People always have misunderstandings about clause meaning. A clause is an integral part of English grammar. Understanding clauses are essential for mastering sentence structures, types of coordinating conjunctions, and improving writing skills. It is an introductory part of clauses. We will learn each mentioned part in the upcoming parts.
In this blog post, we will discuss different types of clauses and provide examples to help you better understand their use in English grammar.
What is a Clause?
A clause is a group of words that acts as a part of a sentence. It has a subject and a predicate. Clauses can be either independent or dependent, based on their ability to form a complete sentence. A sentence can have one or more clauses, and these clauses can be combined using conjunctions or punctuation marks to create complex sentences.
Types of Clauses
There are three types of clauses mainly, but there are several other additional types as well.
1) Principal Clause
2) Coordinate Clause
3) Subordinate Clause – noun clause, adjective clause, adverb clause
Additional types of Clauses with examples
1) Infinite Clause
2) Gerund Clause
3) Relative Clause
An independent clause is also known as a principal clause or main clause. It is a group of words that can stand alone as a complete sentence. It contains a subject and a predicate in order to express a complete idea.

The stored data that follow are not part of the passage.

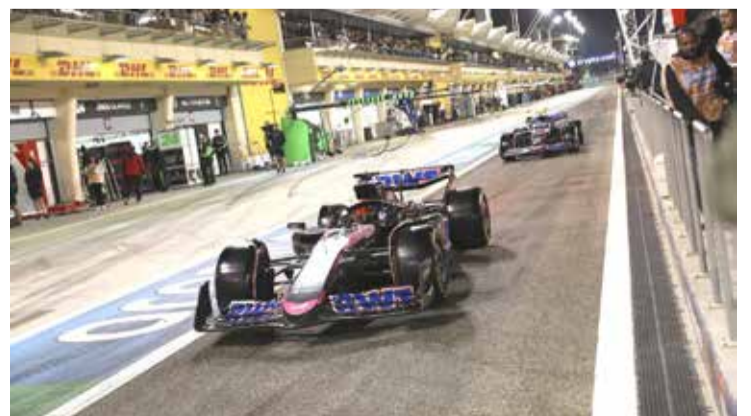
Alpine's French drivers Esteban Ocon (front) and Pierre Gasly drive through the pit lane during the qualifying session of the Bahrain Formula One Grand Prix

As a result the team leapt from ninth to sixth in the constructors' standings.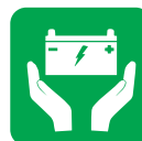
Bc Battery Care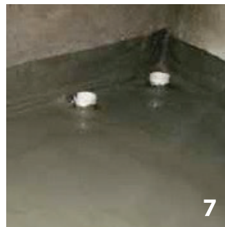
Completion of Obaproof Oba Easy Coat wp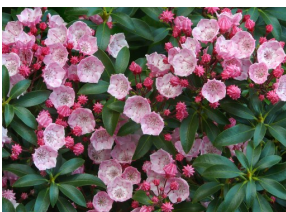
Kalmia Mountain Laurel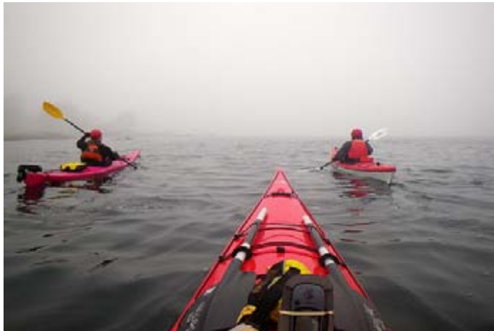
Uhhh...so is that Mackerel Cove or the East Passage??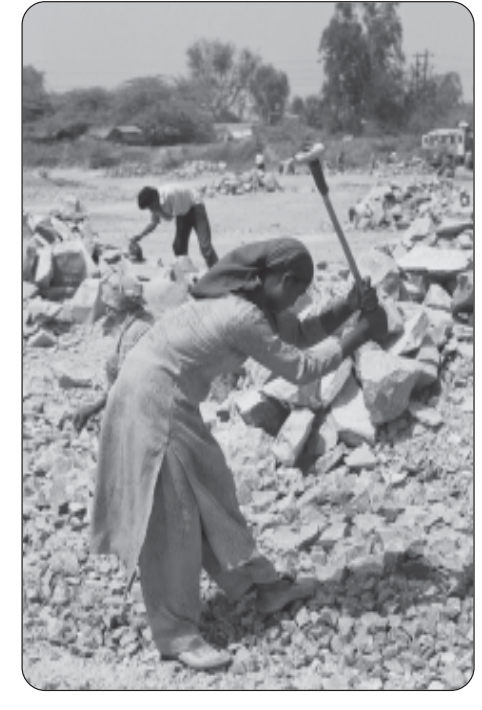
Breaking stones.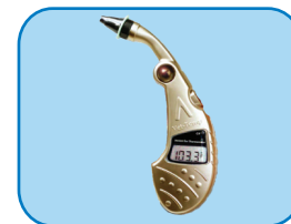
VT-150 Ear Thermometer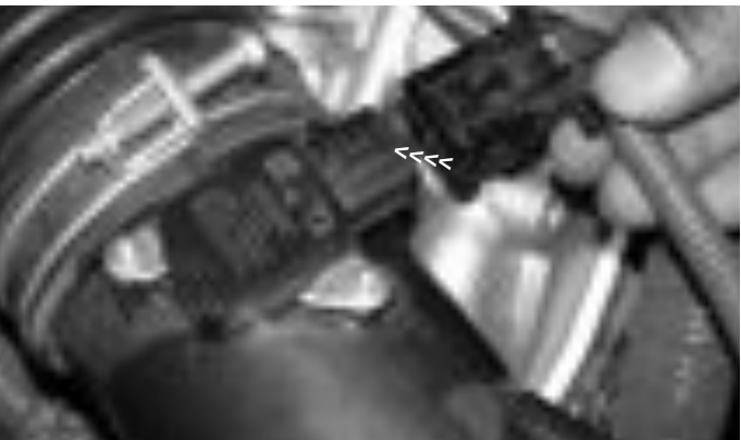
Disconnect the electrical sensor connector from the MAFS.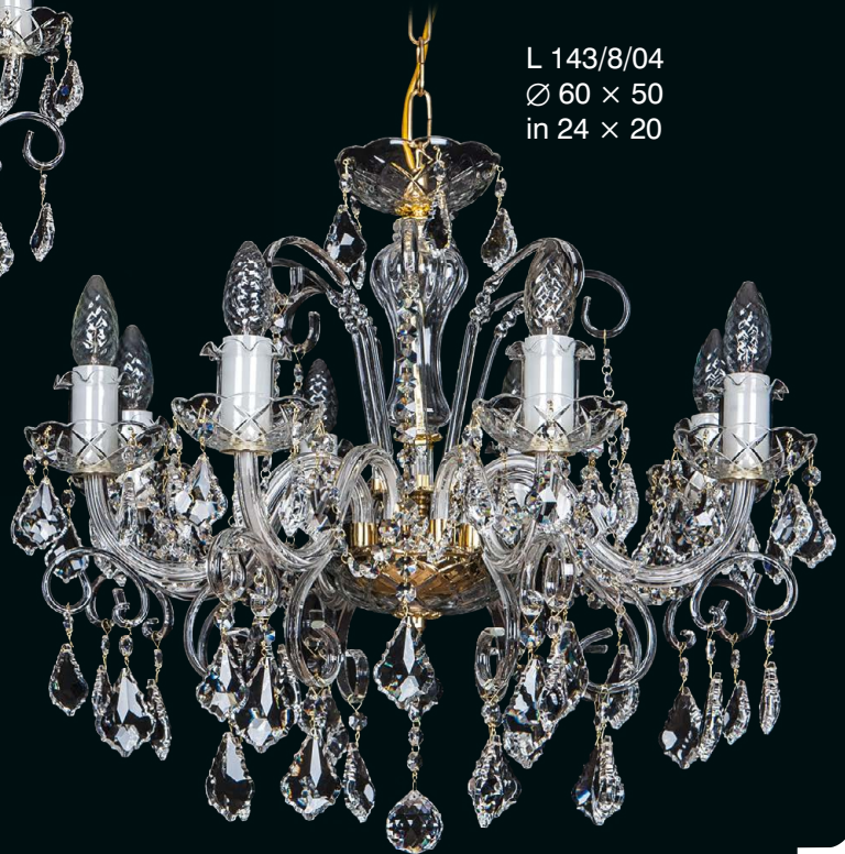
L 143/8/04 Ø 60 × 50 in 24 × 20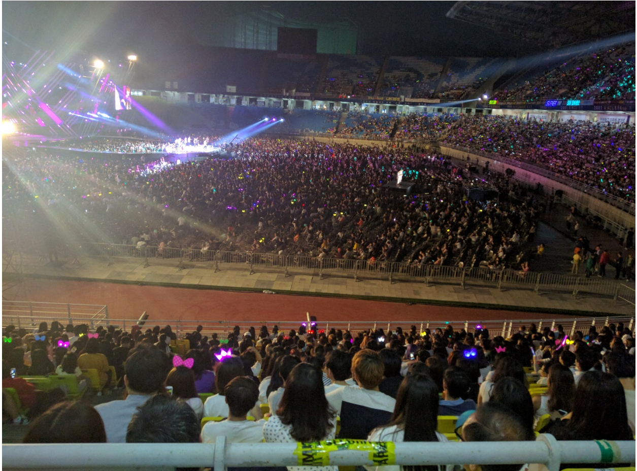
Suwon Super Kpop Concert, Suwon World Cup Stadium, Seoul, South Korea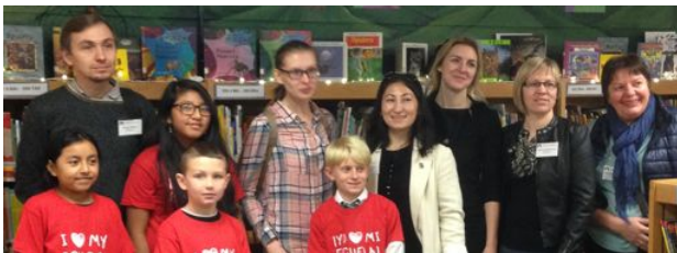
Open World Visit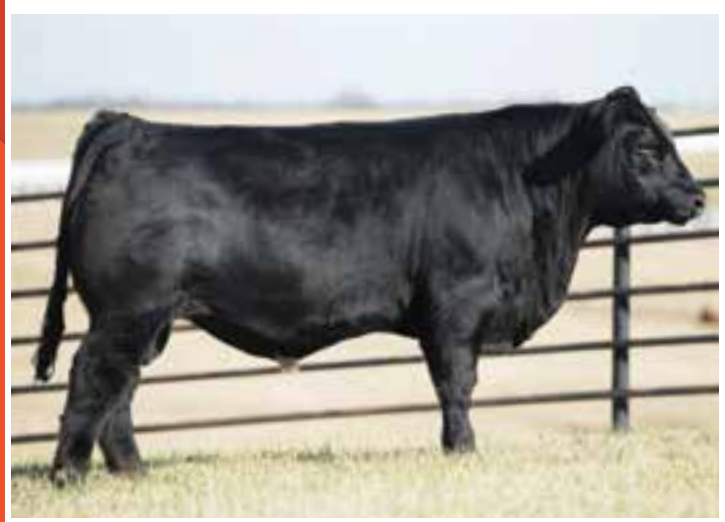
LOT 18 | AUTO ENTERPRISE 100E ET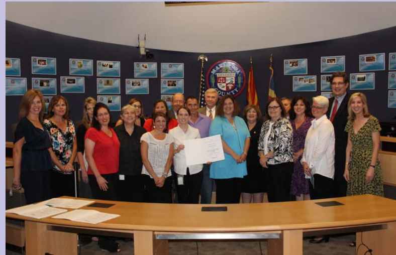
Project SAFE: Improving Outcomes of Transferred Juveniles on Adult Probation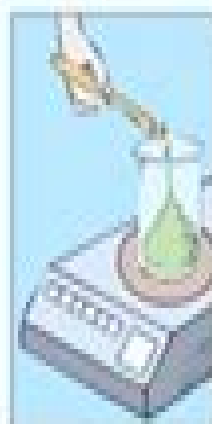
(a) Weighing the sample to be analysed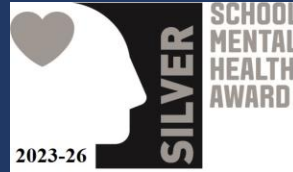
School Mental Health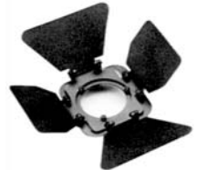
PAR 16 Barndoors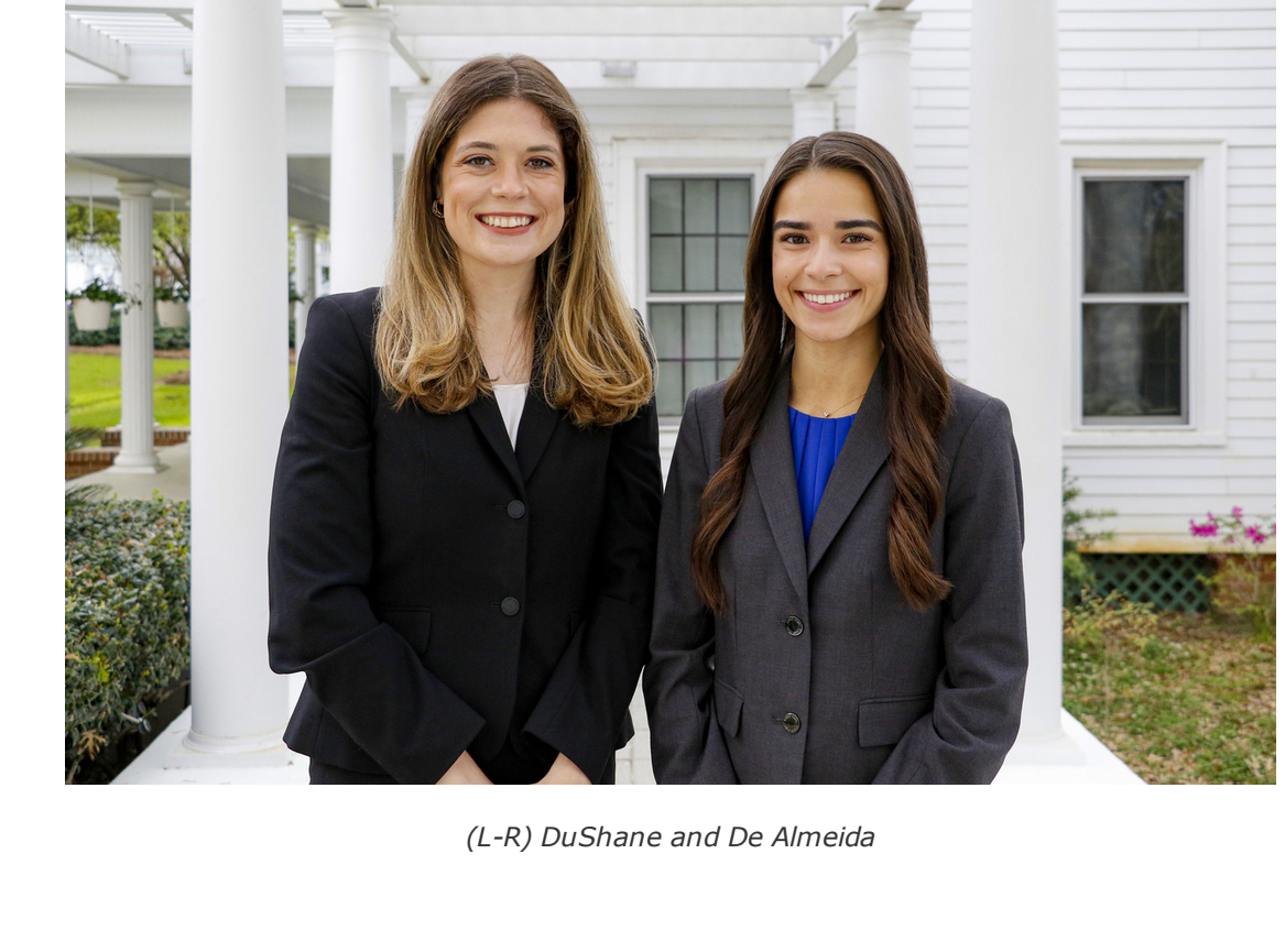
national moot court competition! On March 20, the team won the 2021 Seigenthaler-Sutherland Cup National First Amendment Moot Court

Competition, which took place virtually March 19-20 and was hosted by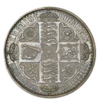
176 Proof 'Gothic' Crown, 1847, edge plain, 25.27g/12h (ESC 2578 [291B]; S 3883). Practically mint state, attractive blue-grey tone \pounds 8,000-\pounds 10,000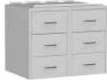
30" and wider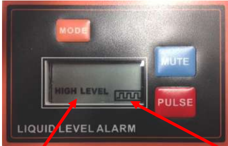
HIGH LEVEL alarm mode displayed.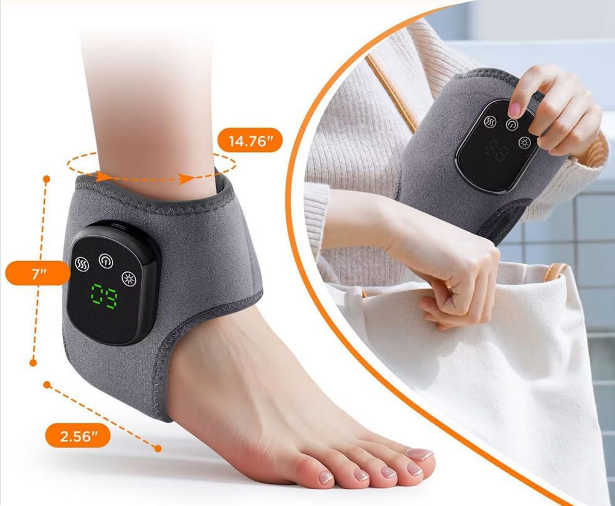
Figure 4: Portable Design and Dimensions. This image illustrates the compact size of the massager, showing it worn on an ankle with key dimensions (height, ankle circumference, foot width) and a person easily carrying it, highlighting its portability for outdoor, office, or travel use.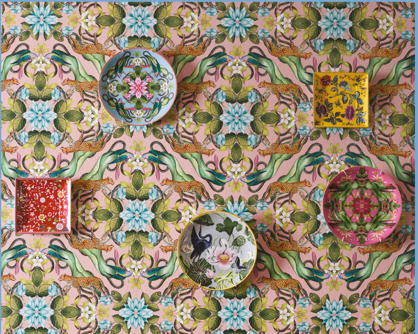
(Top left) Bedlinen: Magnolia Wedgwood Jasper Cushion: Menagerie Aqua (Top right) Wallcovering: Tonquin Midnight Armchair: Menagerie Aqua Fabric Cushion: Wonderlust Tea Story Teal Velvet Fabric (Bottom) Wallcovering: Menagerie Blush Ceramics left to right: Wonderlust Crimson Jewel Tray, Wonderlust Menagerie Plate, Wonderlust Waterlily Plate, Wonderlust Yellow Tonquin Tray, Wonderlust Pink Lotus Plate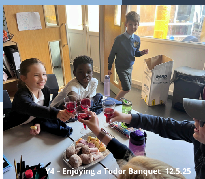
Y4 - Enjoying a Tudor Banquet 12.5.25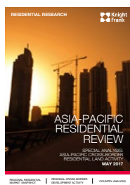
Asia-Pacific Residential Review 2017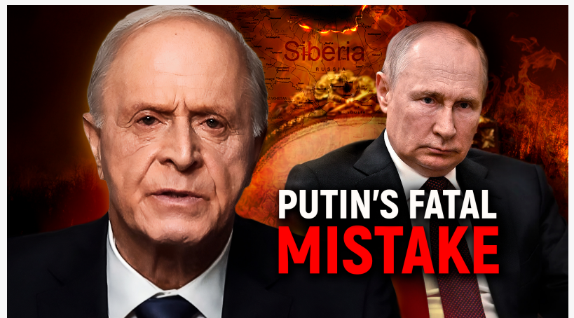
Putin's Fatal Mistake. Russia is Doomed. American Scientist Exposes Facts of Russia's Collapse

“Given the increasing trend that has started to manifest, natural disasters will become more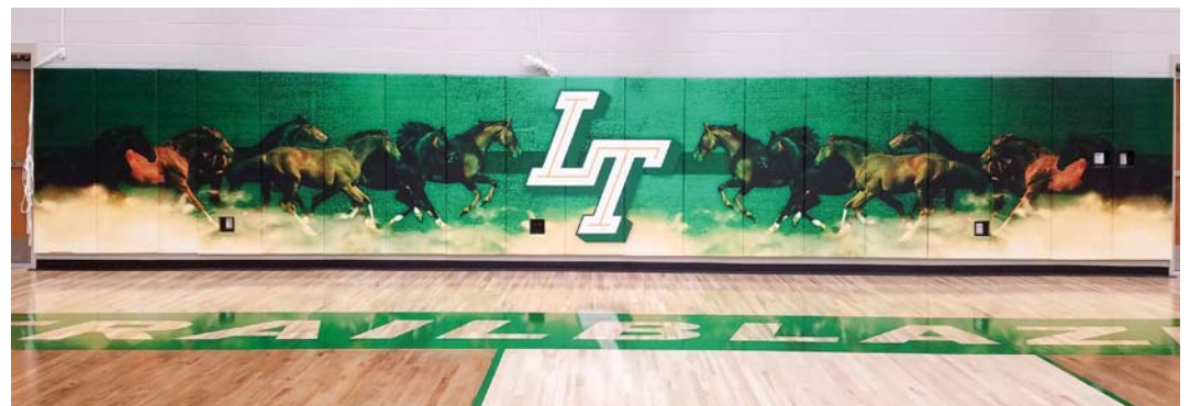
Vinyl – Gym Mats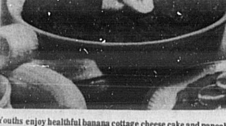
Youths enjoy healthful banana cottage cheese cake and pancakes.

In a large bowl, beat cottage cheese until smooth. Add eggs, one at a time, beating well after each addition. Blend in oil, vanilla and bananas. Mix together flour, sugar, wheat germ, baking powder, cinnamon, nutmeg, salt and baking soda. Blend into banana batter. Turn into a well greased 1 1/2-quart baking dish.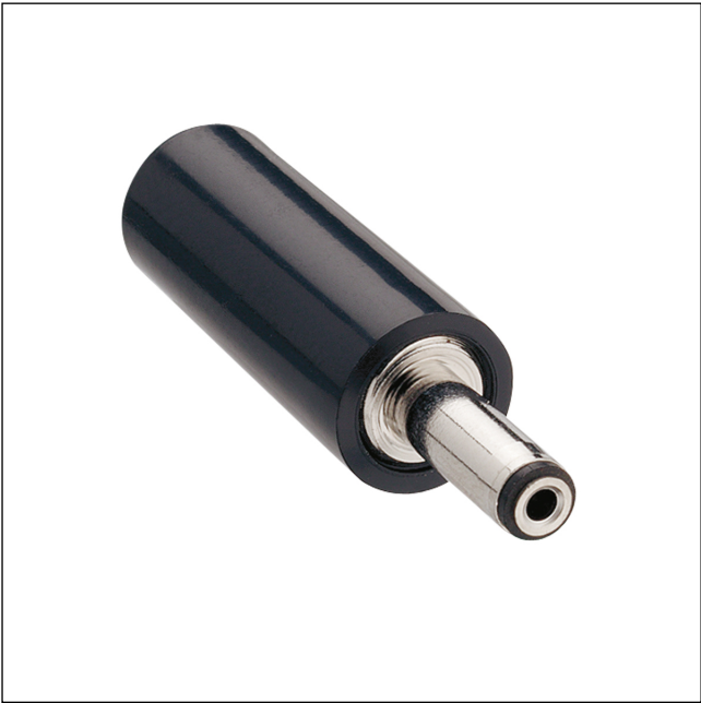
Power supply plug, 3.4 mm x 1.4 mm, straight version, with solder eyes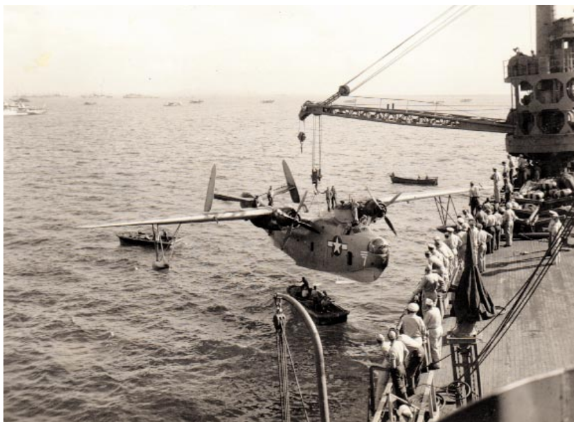
A squadron PBM-3D being hoisted aboard Chandeleur (AV 10) for repairs, 24 June 1944.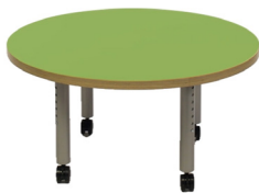
Center Line Pin-Clip Adjustable Tables are Available in Various Shapes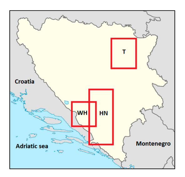
Figure 1. Bosnia and Herzegovina with the approximate location of the Counties where the sample was drawn from (HN-Herzegovina Neretva County, WH-Western Herzegovina County, T-Tuzla County).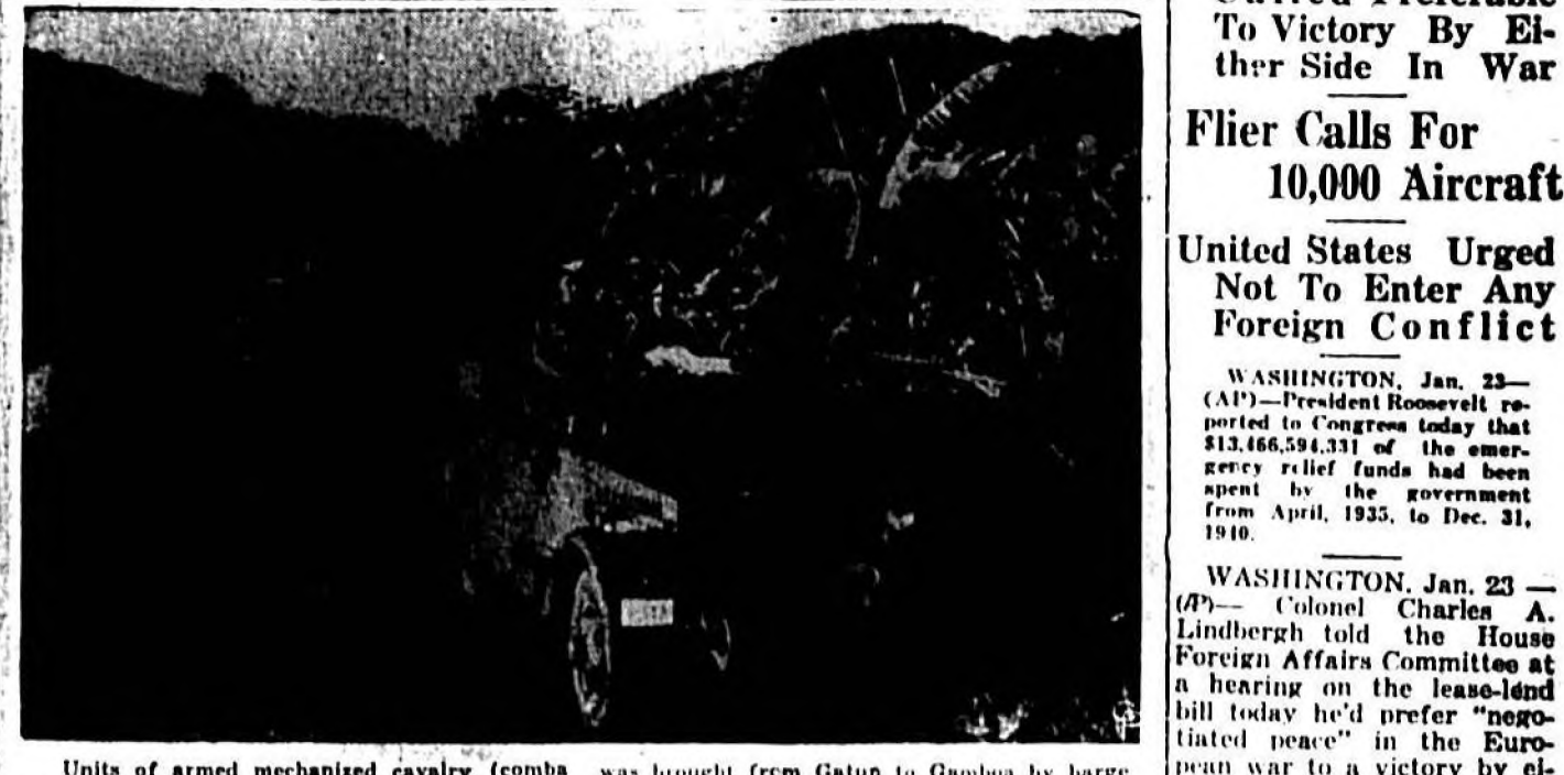
Units of armed mechanized cavalry (combat) speed through the banana country of Panama during a defense experiment in moving mechanized forces from the Atlantic to the Pacific, via the canal. The mechanized cavalry was brought from Gatun to Gamboa by large units of trucks and the cars traveled by highway from there to Rio Hato, 75 miles in the interior.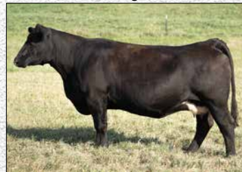
Full Figures daughter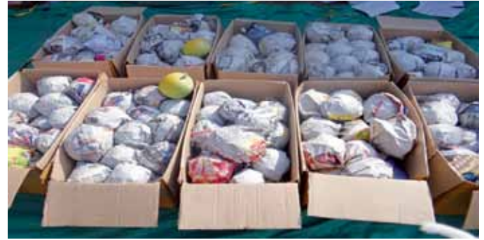
Packaging of fruit for marketing

plant growth and yield of quality fruits. Application of organic mulch over long period improved soil properties like pH, electrical conductivity, porosity and soil moisture holding capacity. Leaf litter of bael was also found effective to retain soil moisture and also improved the soil quality of the orchard.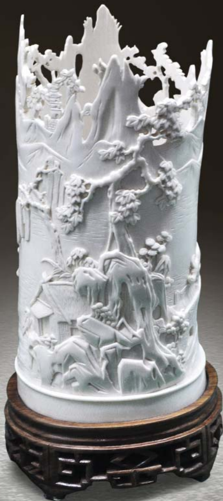
Ivory table lamp From the head of the government economic delegation of the Democratic Republic of Vietnam January 1966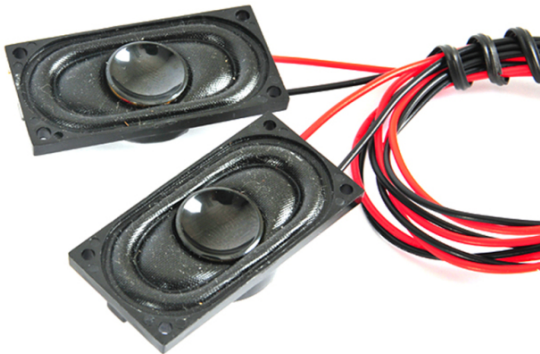
DNSYS - 2 x Speakers

Category: Accessories - mobile Manufacturer: DNSYS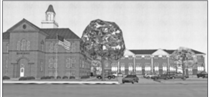
TOP: The Oxford School Residences in an artist's rendering as seen from the Livesey Park side of the building. The complex will consist of 63 units, 46 one-bedroom and 17 two-bedroom, for a total of 80 bedrooms for tenants 62+ years of age. The proposal has sparked controversy in the town. ABOVE: The view from Main Street. Image provided.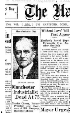
Obituary on page 1, Hartford Courant.

We can connect an independent clause with the help of coordinating conjunctions (both…and, but, for, therefore, otherwise, etc.). When we connect an independent clause with a coordinating conjunction, it forms a compound sentence.
1) She is studying for her exams. (one independent clause)
2) He went to the market, and she went to the library.
3) I love reading books; they take me to different worlds.
We often call a dependent clause, a subordinate clause. It is a group of words with a subject and a predicate. But it can’t describe a complete idea or give full meaning. The dependent clauses are usually introduced by subordinating conjunctions like because, since, although, or when.
1) When she finishes her work (dependent clause)
2) Although it was raining (dependent clause)
Dependent clauses can be further classified into noun clauses, adjective clauses, and adverbial clauses based on their function in a sentence.
The noun clause is a part of a subordinate clause also known as a dependent clause. It acts like a noun in a sentence. It can be either a subject or object or a complement in a sentence. Noun clauses are often introduced by words like that, who, whoever, whom, whomever, which, what, when, where, why, and how.
1) What she said surprised me. (noun clause as subject)
2) I don’t know where he lives. (noun clause as object)
3) The fact that he is late worries me. (noun clause as a complement)
An adjective clause, also known as a relative clause, is a dependent clause that functions as an adjective in a sentence. An adjective clause is part of a relative clause. It is part of a dependent clause that acts as an adjective wherein we it in a sentence. It often connects relative pronouns like who, whom, whose, which, or that.
1) The book that I bought is interesting. (adjective clause modifying the noun “book”)
2) She is the girl who won the competition. (adjective clause modifying the noun “girl”)
3) I met the person whose car was stolen. (adjective clause modifying the noun “person”)
One of the parts of dependent clauses is an adverbial clause. It functions as an adverb wherein it is used in a sentence. It modifies a verb, adjective, or another adverb and answers questions like when, where, why, how, or under what conditions. Adverbial clauses are usually introduced by subordinating conjunctions like after, before, since, until, because, although, if, or unless.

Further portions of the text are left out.